Although the "genetic sonogram" does not appear to be useful as a
primary screening tool, it may have a role in reducing the risk of
aneuploidy following an initial positive screening test (Vintzielos
and Egan, supra).
[0018] A major problem with second-trimester screening for Down's
syndrome is that it is performed at 15 to 18 weeks gestation, with
diagnostic amniocentesis subsequently performed, if indicated, at
16 to 20 weeks gestation. This leads to significant time pressure
on patients and providers if termination of pregnancy is desired
before the commonly used upper gestational age limit of 24 weeks is
reached. In addition, such later pregnancy terminations are
associated with increased maternal morbidity (Lawson, H. W., et
al., Am J. Obstet Gynecol 171(5):1365-72 (1994)). The value of a
sonographic aneuploidy screening program based in the first
trimester would include safe methods of pregnancy termination if an
abnormality is confirmed, as well as improvement in patient privacy
and confidentiality if abnormalities are detected at an early stage
of pregnancy.
[0019] Investigators from the Fetal Medicine Foundation in London
have suggested an 80% detection rate for Down's syndrome from
screening using a combination of MA and first-trimester ultrasound
evaluation of the fetus (Pandya, P. P. et al., Br J Obstet Gyneacol
102(12):957-62 (1995); Snijders, R. J., et al., Lancet
352(9125):343-6 (1998)). This relies on the measurement of the
translucent space between the back of the fetal neck and overlying
skin, which has been reported to be increased in fetuses with
Down's syndrome and other aneuploidies. This nuchal translucency
(NT) measurement is reportedly easy to obtain by transabdominal or
transvaginal ultrasonography between 10 and 14 weeks gestation
(Snijders, R. J., et al., Ultrasound Obstet Gynecol 7(3):216-26
(1996)). The vast majority of data supporting first-trimester
screening for Down's syndrome is from the Fetal Medicine Foundation
in London (Pandya et al., 1995, supra; Snijders et al., 1996,
supra). However, the detection rates for Down's syndrome have not
been consistent between different centers and, to date, no center
outside of the Fetal Medicine Foundation network has been able to
replicate their results.
[0020] There are also data suggesting that first-trimester
concentrations of a variety of pregnancy-associated proteins and
hormones differ in chromosomally normal and abnormal pregnancies.

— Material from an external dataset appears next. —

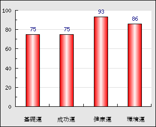 成功運 目的に対する成功運の強さをあらわします。この点数が高いほど自分の思い通りに成功し、逆に悪いと逆境・批判・障害などに苦心します。 75点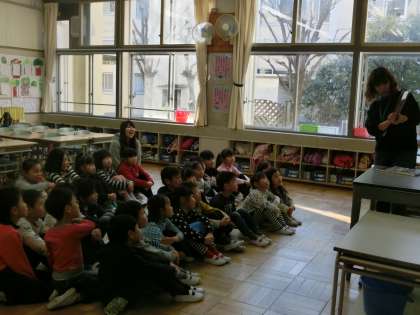 今朝は1年〜3年の子どもたちにぽけっとクラブのみなさんが読み聞かせをしてくださいました。どの子も目をキラキラ輝かせ、興味深げに耳を傾けていました。

The two most promising first-trimester serum markers with regards
to Down's syndrome and Edwards syndrome appear to be PAPP-A and
free .beta.hCG (Wapner, R., et al., N Engl J Med 349(15):1405-1413
(2003)). It has been reported that first-trimester serum levels of
PAPP-A are significantly lower in Down's syndrome, and this
decrease is independent of nuchal translucency (NT) thickness
(Brizot, M. L., et al., Obstet Gynecol 84(6):918-22 (1994)). In
addition, it has been shown that first-trimester serum levels of
both total and free .beta.-hCG are higher in fetal Down's syndrome,
and this increase is also independent of NT thickness (Brizot, M.
L., Br J Obstet Gynaecol 102(2):127-32 (1995)). PAPP-A and free
.beta.hCG are also independent of each other when applied to Down's
syndrome screening (Wald and Hackshaw, Prenat Diagn 17(9):921-9
(1997)). In a multicenter prospective study, the combination of
PAPP-A and free .beta.hCG resulted in a 60% detection rate for
Down's syndrome, for a 5% invasive testing rate (Haddow, J. E., et
al., N Eng J Med 338(14):955-61 (1998)). Mathematical models have
suggested that a combined first-trimester screening program
utilizing MA, NT thickness, serum free .beta.hCG, and serum PAPP-A
will detect more than 80% of fetuses with Down's syndrome for a 5%
invasive testing rate (Wald and Hackshaw, supra). These trials and
models have recently been reviewed by Nicolaides (Ultrasound in
Obstretics and Gynecology 21:313-21 (2003)).
[0021] While these data suggest that a combination first-trimester
screening program or an integrated first and second-trimester
screening program for fetal aneuploidies, such as Down's syndrome,
would be superior to standard second-trimester screening, this
hypothesis has not been validated in clinical practice.
[0022] To define the efficacy of first-trimester screening for
Down's syndrome, and to compare the diagnostic performances of
first and second-trimester screening, the NIH recently sponsored a
multi-center First and Second Trimester Evaluation of Risk (FASTER)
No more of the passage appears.